Data records —
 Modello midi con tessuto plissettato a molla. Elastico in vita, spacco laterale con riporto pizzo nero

--

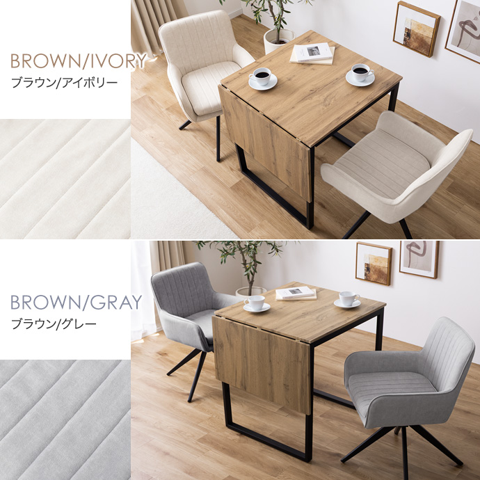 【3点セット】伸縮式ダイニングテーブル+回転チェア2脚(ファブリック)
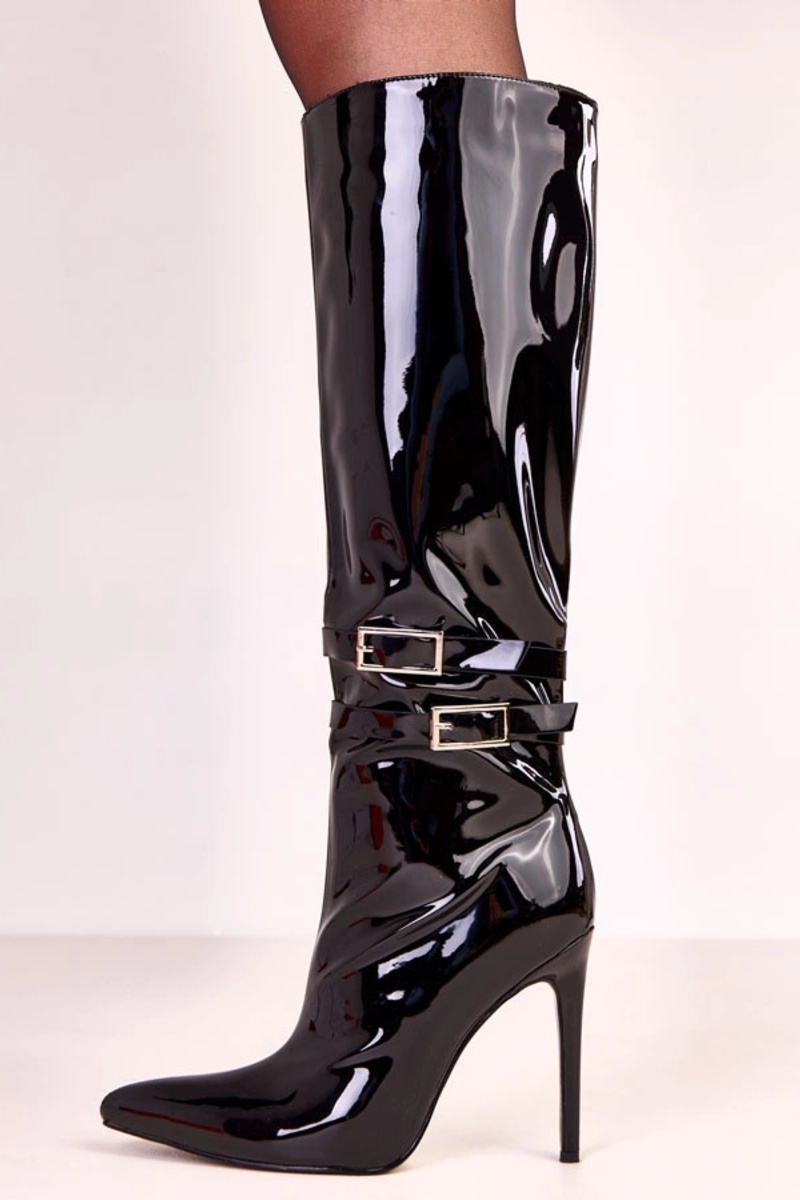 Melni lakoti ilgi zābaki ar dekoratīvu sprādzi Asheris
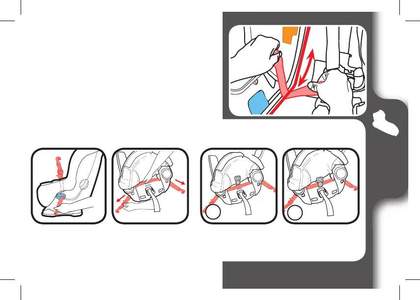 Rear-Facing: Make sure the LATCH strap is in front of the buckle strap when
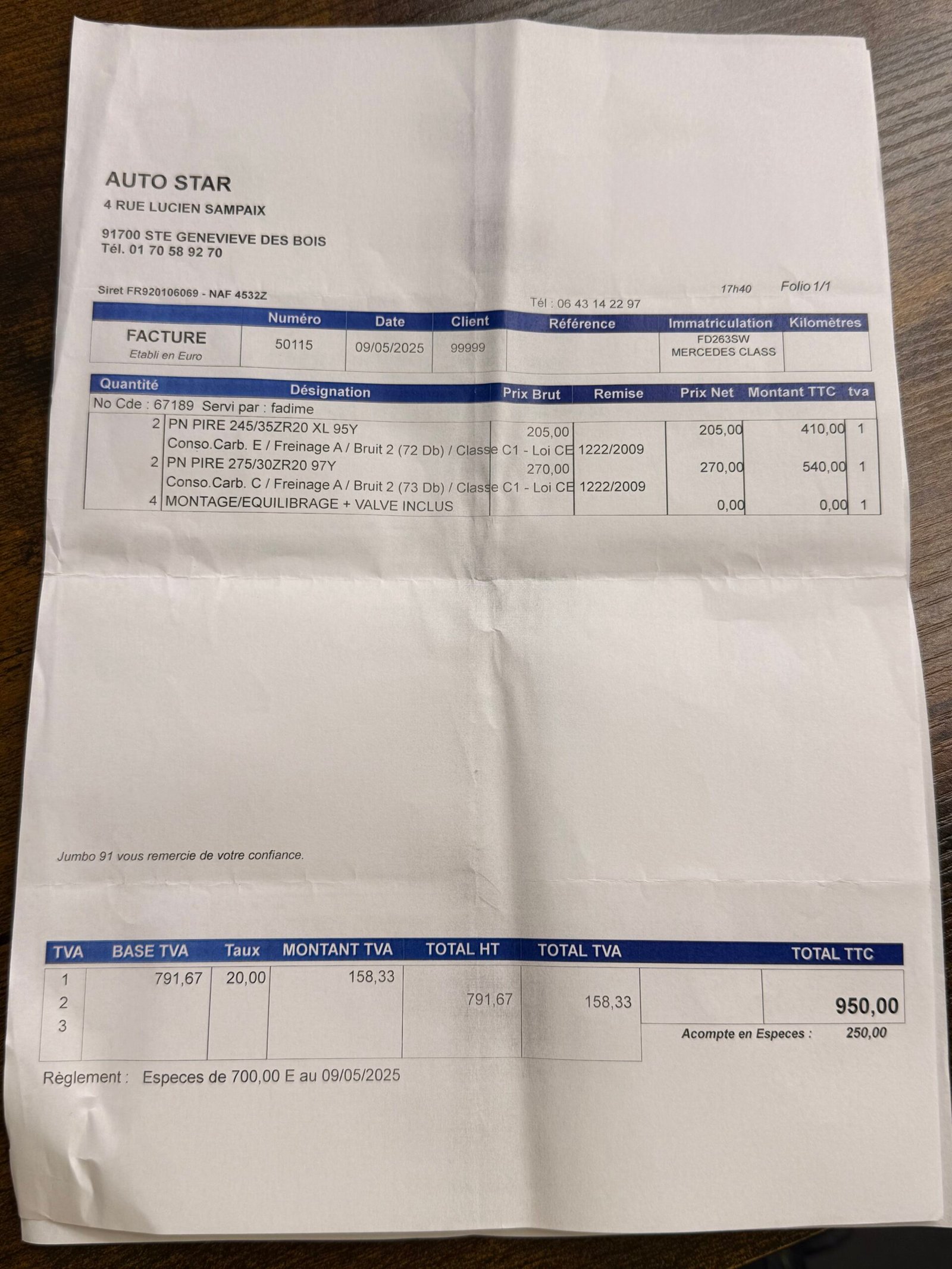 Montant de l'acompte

* * *

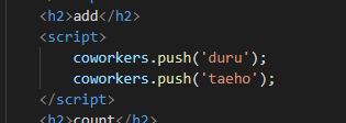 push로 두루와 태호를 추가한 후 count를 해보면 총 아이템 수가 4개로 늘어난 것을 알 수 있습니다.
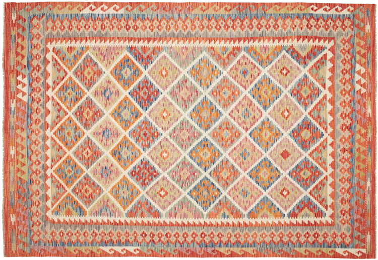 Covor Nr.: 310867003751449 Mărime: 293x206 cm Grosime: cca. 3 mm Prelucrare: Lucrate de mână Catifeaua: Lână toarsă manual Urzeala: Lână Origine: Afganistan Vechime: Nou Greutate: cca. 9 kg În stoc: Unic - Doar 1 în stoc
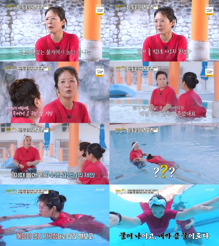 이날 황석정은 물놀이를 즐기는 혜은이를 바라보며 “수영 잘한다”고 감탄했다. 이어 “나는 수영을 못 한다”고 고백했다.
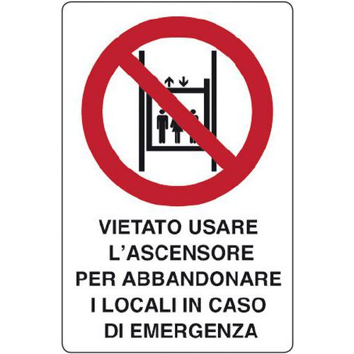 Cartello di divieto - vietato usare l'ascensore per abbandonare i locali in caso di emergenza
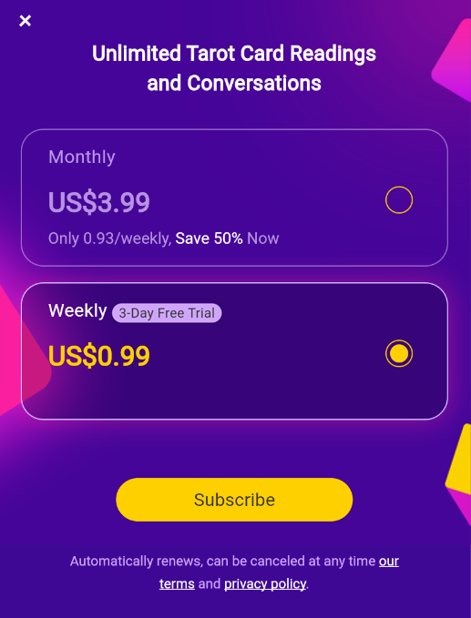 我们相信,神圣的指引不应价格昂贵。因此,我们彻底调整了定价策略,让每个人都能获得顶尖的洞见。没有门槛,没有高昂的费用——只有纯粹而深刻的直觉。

To do — Leaving every picture aside, reproduce exactly the lines above from the one with "Cartello di divieto" up to and including the one with "我们相信,神圣的指引不应价格", and no others.

Solution to this task —
 Cartello di divieto - vietato usare l'ascensore per abbandonare i locali in caso di emergenza
 我们相信,神圣的指引不应价格昂贵。因此,我们彻底调整了定价策略,让每个人都能获得顶尖的洞见。没有门槛,没有高昂的费用——只有纯粹而深刻的直觉。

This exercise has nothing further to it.